Data for this exercise: Begin

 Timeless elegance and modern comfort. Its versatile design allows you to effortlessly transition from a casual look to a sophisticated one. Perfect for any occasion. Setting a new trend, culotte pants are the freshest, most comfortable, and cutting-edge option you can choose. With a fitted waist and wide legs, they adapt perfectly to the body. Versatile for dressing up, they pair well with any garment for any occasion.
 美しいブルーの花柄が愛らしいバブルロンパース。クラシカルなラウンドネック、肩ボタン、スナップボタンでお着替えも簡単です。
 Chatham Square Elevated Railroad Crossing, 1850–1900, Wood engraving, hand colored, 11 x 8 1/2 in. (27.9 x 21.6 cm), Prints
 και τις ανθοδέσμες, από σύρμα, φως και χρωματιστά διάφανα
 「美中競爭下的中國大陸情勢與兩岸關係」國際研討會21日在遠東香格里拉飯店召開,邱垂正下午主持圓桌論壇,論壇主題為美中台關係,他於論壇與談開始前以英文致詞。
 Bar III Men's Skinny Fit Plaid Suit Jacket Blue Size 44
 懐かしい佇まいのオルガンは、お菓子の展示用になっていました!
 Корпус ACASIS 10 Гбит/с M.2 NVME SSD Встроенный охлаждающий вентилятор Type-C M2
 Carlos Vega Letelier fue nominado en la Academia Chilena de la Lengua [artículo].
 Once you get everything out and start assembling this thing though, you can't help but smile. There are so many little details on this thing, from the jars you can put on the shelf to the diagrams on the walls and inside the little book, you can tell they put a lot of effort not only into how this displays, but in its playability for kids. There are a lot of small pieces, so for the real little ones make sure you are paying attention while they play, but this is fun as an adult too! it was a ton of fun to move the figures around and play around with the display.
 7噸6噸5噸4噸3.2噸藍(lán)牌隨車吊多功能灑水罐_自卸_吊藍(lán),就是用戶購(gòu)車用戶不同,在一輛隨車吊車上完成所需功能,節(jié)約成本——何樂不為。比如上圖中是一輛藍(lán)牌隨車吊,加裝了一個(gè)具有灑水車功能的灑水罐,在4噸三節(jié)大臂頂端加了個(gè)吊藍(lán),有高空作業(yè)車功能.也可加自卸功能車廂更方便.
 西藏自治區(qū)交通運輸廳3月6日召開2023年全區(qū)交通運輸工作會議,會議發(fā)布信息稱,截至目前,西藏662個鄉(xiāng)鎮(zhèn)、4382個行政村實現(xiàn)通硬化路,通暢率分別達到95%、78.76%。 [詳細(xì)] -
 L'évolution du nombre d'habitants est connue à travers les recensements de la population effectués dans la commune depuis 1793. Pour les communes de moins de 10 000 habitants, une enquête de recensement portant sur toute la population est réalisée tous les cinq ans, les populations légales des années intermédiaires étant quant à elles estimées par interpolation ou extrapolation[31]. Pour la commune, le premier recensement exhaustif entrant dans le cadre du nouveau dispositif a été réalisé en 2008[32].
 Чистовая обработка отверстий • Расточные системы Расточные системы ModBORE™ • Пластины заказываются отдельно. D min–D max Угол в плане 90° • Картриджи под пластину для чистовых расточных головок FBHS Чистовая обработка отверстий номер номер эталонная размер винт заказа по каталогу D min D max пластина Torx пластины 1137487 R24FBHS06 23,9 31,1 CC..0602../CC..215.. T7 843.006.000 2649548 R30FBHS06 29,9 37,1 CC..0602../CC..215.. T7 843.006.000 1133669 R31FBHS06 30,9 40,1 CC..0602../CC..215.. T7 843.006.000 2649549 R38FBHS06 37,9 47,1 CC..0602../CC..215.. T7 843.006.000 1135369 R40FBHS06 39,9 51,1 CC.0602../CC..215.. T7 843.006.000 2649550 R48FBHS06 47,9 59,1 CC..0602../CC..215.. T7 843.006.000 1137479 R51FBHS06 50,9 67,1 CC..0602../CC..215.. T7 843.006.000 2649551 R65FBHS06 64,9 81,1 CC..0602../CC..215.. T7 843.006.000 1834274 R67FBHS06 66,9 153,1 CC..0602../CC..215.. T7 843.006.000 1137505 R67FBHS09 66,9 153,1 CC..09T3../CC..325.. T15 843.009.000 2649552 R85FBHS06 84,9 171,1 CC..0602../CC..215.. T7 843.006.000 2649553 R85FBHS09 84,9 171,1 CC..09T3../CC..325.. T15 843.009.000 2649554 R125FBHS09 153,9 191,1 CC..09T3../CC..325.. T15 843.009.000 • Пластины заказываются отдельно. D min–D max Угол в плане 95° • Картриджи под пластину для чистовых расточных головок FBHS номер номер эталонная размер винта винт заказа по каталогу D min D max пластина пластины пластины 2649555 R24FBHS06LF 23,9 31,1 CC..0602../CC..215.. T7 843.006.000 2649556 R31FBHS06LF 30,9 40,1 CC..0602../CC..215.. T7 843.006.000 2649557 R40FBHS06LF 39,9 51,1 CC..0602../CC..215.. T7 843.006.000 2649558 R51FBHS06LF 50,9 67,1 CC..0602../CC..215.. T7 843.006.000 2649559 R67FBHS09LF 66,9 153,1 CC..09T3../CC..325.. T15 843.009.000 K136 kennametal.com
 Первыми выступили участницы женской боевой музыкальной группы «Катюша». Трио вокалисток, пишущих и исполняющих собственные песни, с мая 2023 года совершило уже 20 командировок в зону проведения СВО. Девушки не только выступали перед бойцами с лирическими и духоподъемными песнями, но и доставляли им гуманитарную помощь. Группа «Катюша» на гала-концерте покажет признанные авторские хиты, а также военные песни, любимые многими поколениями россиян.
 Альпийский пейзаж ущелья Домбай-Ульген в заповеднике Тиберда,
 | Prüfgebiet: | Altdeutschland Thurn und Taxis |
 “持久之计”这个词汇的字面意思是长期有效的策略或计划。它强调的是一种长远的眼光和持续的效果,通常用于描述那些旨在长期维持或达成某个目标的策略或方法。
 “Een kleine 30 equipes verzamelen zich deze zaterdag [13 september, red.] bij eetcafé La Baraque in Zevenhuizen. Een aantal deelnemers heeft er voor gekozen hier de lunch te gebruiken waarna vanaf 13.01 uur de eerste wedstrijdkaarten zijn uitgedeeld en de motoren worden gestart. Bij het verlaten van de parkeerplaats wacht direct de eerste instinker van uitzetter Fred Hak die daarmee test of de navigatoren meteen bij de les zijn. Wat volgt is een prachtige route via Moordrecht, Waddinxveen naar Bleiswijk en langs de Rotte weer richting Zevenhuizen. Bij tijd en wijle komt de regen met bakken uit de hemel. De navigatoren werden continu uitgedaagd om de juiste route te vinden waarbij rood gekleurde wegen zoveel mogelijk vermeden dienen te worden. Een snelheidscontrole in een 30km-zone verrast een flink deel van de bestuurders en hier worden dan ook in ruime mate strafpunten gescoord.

Data for this exercise: End

Assignment: Each line shown above must be repeated exactly.

Response:
 Timeless elegance and modern comfort. Its versatile design allows you to effortlessly transition from a casual look to a sophisticated one. Perfect for any occasion. Setting a new trend, culotte pants are the freshest, most comfortable, and cutting-edge option you can choose. With a fitted waist and wide legs, they adapt perfectly to the body. Versatile for dressing up, they pair well with any garment for any occasion.
 美しいブルーの花柄が愛らしいバブルロンパース。クラシカルなラウンドネック、肩ボタン、スナップボタンでお着替えも簡単です。
 Chatham Square Elevated Railroad Crossing, 1850–1900, Wood engraving, hand colored, 11 x 8 1/2 in. (27.9 x 21.6 cm), Prints
 και τις ανθοδέσμες, από σύρμα, φως και χρωματιστά διάφανα
 「美中競爭下的中國大陸情勢與兩岸關係」國際研討會21日在遠東香格里拉飯店召開,邱垂正下午主持圓桌論壇,論壇主題為美中台關係,他於論壇與談開始前以英文致詞。
 Bar III Men's Skinny Fit Plaid Suit Jacket Blue Size 44
 懐かしい佇まいのオルガンは、お菓子の展示用になっていました!
 Корпус ACASIS 10 Гбит/с M.2 NVME SSD Встроенный охлаждающий вентилятор Type-C M2
 Carlos Vega Letelier fue nominado en la Academia Chilena de la Lengua [artículo].
 Once you get everything out and start assembling this thing though, you can't help but smile. There are so many little details on this thing, from the jars you can put on the shelf to the diagrams on the walls and inside the little book, you can tell they put a lot of effort not only into how this displays, but in its playability for kids. There are a lot of small pieces, so for the real little ones make sure you are paying attention while they play, but this is fun as an adult too! it was a ton of fun to move the figures around and play around with the display.
 7噸6噸5噸4噸3.2噸藍(lán)牌隨車吊多功能灑水罐_自卸_吊藍(lán),就是用戶購(gòu)車用戶不同,在一輛隨車吊車上完成所需功能,節(jié)約成本——何樂不為。比如上圖中是一輛藍(lán)牌隨車吊,加裝了一個(gè)具有灑水車功能的灑水罐,在4噸三節(jié)大臂頂端加了個(gè)吊藍(lán),有高空作業(yè)車功能.也可加自卸功能車廂更方便.
 西藏自治區(qū)交通運輸廳3月6日召開2023年全區(qū)交通運輸工作會議,會議發(fā)布信息稱,截至目前,西藏662個鄉(xiāng)鎮(zhèn)、4382個行政村實現(xiàn)通硬化路,通暢率分別達到95%、78.76%。 [詳細(xì)] -
 L'évolution du nombre d'habitants est connue à travers les recensements de la population effectués dans la commune depuis 1793. Pour les communes de moins de 10 000 habitants, une enquête de recensement portant sur toute la population est réalisée tous les cinq ans, les populations légales des années intermédiaires étant quant à elles estimées par interpolation ou extrapolation[31]. Pour la commune, le premier recensement exhaustif entrant dans le cadre du nouveau dispositif a été réalisé en 2008[32].
 Чистовая обработка отверстий • Расточные системы Расточные системы ModBORE™ • Пластины заказываются отдельно. D min–D max Угол в плане 90° • Картриджи под пластину для чистовых расточных головок FBHS Чистовая обработка отверстий номер номер эталонная размер винт заказа по каталогу D min D max пластина Torx пластины 1137487 R24FBHS06 23,9 31,1 CC..0602../CC..215.. T7 843.006.000 2649548 R30FBHS06 29,9 37,1 CC..0602../CC..215.. T7 843.006.000 1133669 R31FBHS06 30,9 40,1 CC..0602../CC..215.. T7 843.006.000 2649549 R38FBHS06 37,9 47,1 CC..0602../CC..215.. T7 843.006.000 1135369 R40FBHS06 39,9 51,1 CC.0602../CC..215.. T7 843.006.000 2649550 R48FBHS06 47,9 59,1 CC..0602../CC..215.. T7 843.006.000 1137479 R51FBHS06 50,9 67,1 CC..0602../CC..215.. T7 843.006.000 2649551 R65FBHS06 64,9 81,1 CC..0602../CC..215.. T7 843.006.000 1834274 R67FBHS06 66,9 153,1 CC..0602../CC..215.. T7 843.006.000 1137505 R67FBHS09 66,9 153,1 CC..09T3../CC..325.. T15 843.009.000 2649552 R85FBHS06 84,9 171,1 CC..0602../CC..215.. T7 843.006.000 2649553 R85FBHS09 84,9 171,1 CC..09T3../CC..325.. T15 843.009.000 2649554 R125FBHS09 153,9 191,1 CC..09T3../CC..325.. T15 843.009.000 • Пластины заказываются отдельно. D min–D max Угол в плане 95° • Картриджи под пластину для чистовых расточных головок FBHS номер номер эталонная размер винта винт заказа по каталогу D min D max пластина пластины пластины 2649555 R24FBHS06LF 23,9 31,1 CC..0602../CC..215.. T7 843.006.000 2649556 R31FBHS06LF 30,9 40,1 CC..0602../CC..215.. T7 843.006.000 2649557 R40FBHS06LF 39,9 51,1 CC..0602../CC..215.. T7 843.006.000 2649558 R51FBHS06LF 50,9 67,1 CC..0602../CC..215.. T7 843.006.000 2649559 R67FBHS09LF 66,9 153,1 CC..09T3../CC..325.. T15 843.009.000 K136 kennametal.com
 Первыми выступили участницы женской боевой музыкальной группы «Катюша». Трио вокалисток, пишущих и исполняющих собственные песни, с мая 2023 года совершило уже 20 командировок в зону проведения СВО. Девушки не только выступали перед бойцами с лирическими и духоподъемными песнями, но и доставляли им гуманитарную помощь. Группа «Катюша» на гала-концерте покажет признанные авторские хиты, а также военные песни, любимые многими поколениями россиян.
 Альпийский пейзаж ущелья Домбай-Ульген в заповеднике Тиберда,
 | Prüfgebiet: | Altdeutschland Thurn und Taxis |
 “持久之计”这个词汇的字面意思是长期有效的策略或计划。它强调的是一种长远的眼光和持续的效果,通常用于描述那些旨在长期维持或达成某个目标的策略或方法。
 “Een kleine 30 equipes verzamelen zich deze zaterdag [13 september, red.] bij eetcafé La Baraque in Zevenhuizen. Een aantal deelnemers heeft er voor gekozen hier de lunch te gebruiken waarna vanaf 13.01 uur de eerste wedstrijdkaarten zijn uitgedeeld en de motoren worden gestart. Bij het verlaten van de parkeerplaats wacht direct de eerste instinker van uitzetter Fred Hak die daarmee test of de navigatoren meteen bij de les zijn. Wat volgt is een prachtige route via Moordrecht, Waddinxveen naar Bleiswijk en langs de Rotte weer richting Zevenhuizen. Bij tijd en wijle komt de regen met bakken uit de hemel. De navigatoren werden continu uitgedaagd om de juiste route te vinden waarbij rood gekleurde wegen zoveel mogelijk vermeden dienen te worden. Een snelheidscontrole in een 30km-zone verrast een flink deel van de bestuurders en hier worden dan ook in ruime mate strafpunten gescoord.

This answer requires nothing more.